Make the roux: Next, I grab a medium saucepan and melt the butter over medium heat. Once melted, I sprinkle in the flour and whisk continuously for about a minute. This creates a smooth roux that thickens the sauce without clumps.

Build the cheese sauce: I slowly pour in the milk while whisking to avoid lumps, letting the sauce simmer until it starts to thicken (about 4–5 minutes). Then I stir in the shredded cheddar and pepper jack cheeses until they melt into a rich, velvety sauce.

Season it right: To give it that bold Mexican flavor, I mix in garlic powder, onion powder, cumin, smoked paprika, salt, and a few cracks of black pepper. I keep stirring until everything’s smooth and fragrant.

Mix it all together: With the cheese sauce ready, I fold in the cooked pasta until every piece is coated in cheesy, spicy goodness. At this point, you can stir in cooked chorizo, jalapeños, corn, or fresh cilantro for extra flavor and texture.
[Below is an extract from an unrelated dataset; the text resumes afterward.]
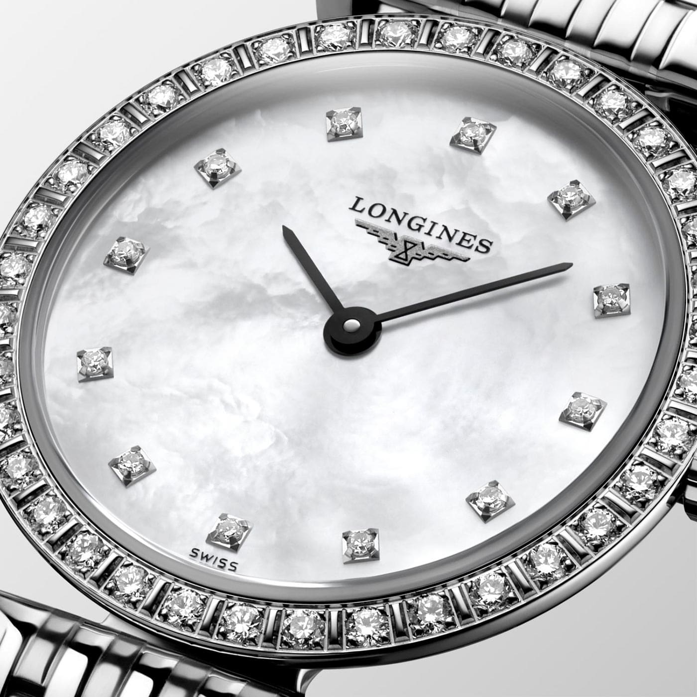 Niezwykle płaska i lekka koperta o drobnej średnicy 24 mm wykonana jest z odpornej na zarysowania i korozję stali szlachetnej o polerowanym wykończeniu. Wyraźnie wyodrębniona bransoleta wykonana z tego samego szlachetnego materiału ma wiele rzędów, zapewniając wygodę noszenia tego eleganckiego zegarka. Szkło szafirowe zapewnia doskonałą ochronę przed zarysowaniami, zachowując jednocześnie idealną przejrzystość. Wewnątrz obudowy znajduje się niezawodny mechanizm kwarcowy kaliber L209, gwarantujący szwajcarską precyzję.

Serve and enjoy: I scoop the mac and cheese into bowls, sprinkle with a little extra paprika or cilantro on top, and serve it hot. It’s cheesy, spicy, and packed with flavor—pure comfort food with a Mexican twist!


Mexican Mac & Cheese
Ingredients
- 8 oz Elbow Macaroni
- 2 tbsp Unsalted Butter
- 2 tbsp All-Purpose Flour
- 2 cup Whole Milk
- 1 cup Shredded Cheddar Cheese
- 1 cup Shredded Pepper Jack Cheese
- 1 tsp Garlic Powder
- 1 tsp Onion Powder
- 1/2 tsp Ground Cumin
- 1/2 tsp Smoked Paprika
Instructions
- Bring a large pot of salted water to a boil. Add the elbow macaroni and cook according to package directions until al dente. Drain the pasta and set it aside.
- In a medium saucepan over medium heat, melt the butter. Once melted, whisk in the flour and cook for about 1 minute to form a smooth roux.
- Gradually whisk in the milk, making sure there are no lumps. Keep stirring until the mixture begins to thicken—this should take about 5 minutes.
- Reduce the heat to low, then add the shredded cheddar and pepper jack cheeses. Stir until the cheese is completely melted and the sauce is smooth.
- Sprinkle in garlic powder, onion powder, cumin, smoked paprika, salt, and black pepper. Mix well to combine and let the flavors come together.
- Add the cooked pasta to the cheese sauce, stirring until all the noodles are evenly coated. If you’re using add-ins like cooked chorizo, jalapeños, corn, or cilantro, stir them in now.
- Let the macaroni and cheese cook for an additional 2–3 minutes to warm everything through and blend the flavors.
- Spoon the Mexican mac and cheese into bowls. Garnish with extra cilantro or a sprinkle of chili powder, and serve hot.
Video
Notes
- Cooked chorizo or seasoned ground beef (½ cup) – Adds savory depth and a punch of protein that turns this side dish into a full meal.
- Diced jalapeños or green chilies (¼ cup) – Perfect for spice lovers. These add a fresh, zesty heat that balances the richness of the cheese.
- Fresh chopped cilantro (¼ cup) – A bright, herbal finish that lifts the whole dish. I love sprinkling a little extra on top just before serving.
- Sweet corn kernels (½ cup) – Adds a pop of sweetness and a little crunch that pairs beautifully with the smoky spices.